I have a hadoop MapReduce program that distributes keys unevenly. Some reducers end up with two keys, some with one key, and some with none. how do I force hadoop to distribute each partition with a certain key to a separate reducer. I have nine unique keys of the form:
0,0
0,1
0,2
1,0
1,1
1,2
2,0
2,1
2,2
and I set the job.setNumReduceTasks(9); but the hashpartitioner seems to hash two keys to the same hashcode causing overlapped keys being sent to the same reducer and leaving some reducers idle.

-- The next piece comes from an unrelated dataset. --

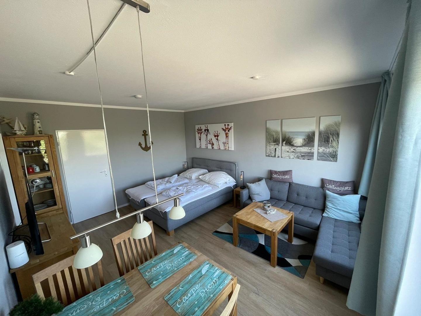 Der Wohnbereich hat einen gemütlichen Essbereich, verfügt über neue Möbel und ein Boxspringbett (160 x 200 cm) . Ein Flachbildfernseher und eine Radio/DVD Kombination lassen auch bei Regen keine Langeweile aufkommen. Vervollständigt wird der Raum durch eine gemütliche Couchgarnitur., auf der Sie mit einem guten Buch entspannen können.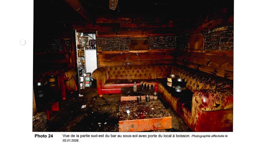 Divani e sedie bruciati, soffitti crollati e oggetti sparsi. Il dossier fotografico, raccolto dagli inquirenti, mostra come appariva il Constellation di Crans Montana subito dopo l'incendio di Capodanno nel quale sono morte 41 persone.

Does a random partitioner resolve this? will it send each unique key to a random reducer guaranteeing each reducer receives a single key. How do I enable it and replace the default?
EDIT:
can someone please explain why my output looks like
-rw-r--r-- 1 user supergroup 0 2018-04-19 18:58 outbin9/_SUCCESS
drwxr-xr-x - user supergroup 0 2018-04-19 18:57 outbin9/_logs
-rw-r--r-- 1 user supergroup 869 2018-04-19 18:57 outbin9/part-r-00000
-rw-r--r-- 1 user supergroup 1562 2018-04-19 18:57 outbin9/part-r-00001
-rw-r--r-- 1 user supergroup 913 2018-04-19 18:58 outbin9/part-r-00002
-rw-r--r-- 1 user supergroup 1771 2018-04-19 18:58 outbin9/part-r-00003
-rw-r--r-- 1 user supergroup 979 2018-04-19 18:58 outbin9/part-r-00004
-rw-r--r-- 1 user supergroup 880 2018-04-19 18:58 outbin9/part-r-00005
-rw-r--r-- 1 user supergroup 0 2018-04-19 18:58 outbin9/part-r-00006
-rw-r--r-- 1 user supergroup 0 2018-04-19 18:58 outbin9/part-r-00007
-rw-r--r-- 1 user supergroup 726 2018-04-19 18:58 outbin9/part-r-00008
The larger groups part-r-00001 and part-r-00003 have received keys 1,0 and 2,2 / 0,0 and 1,2 respectively. And notice that part-r-00006 and part-r-00007 are empty.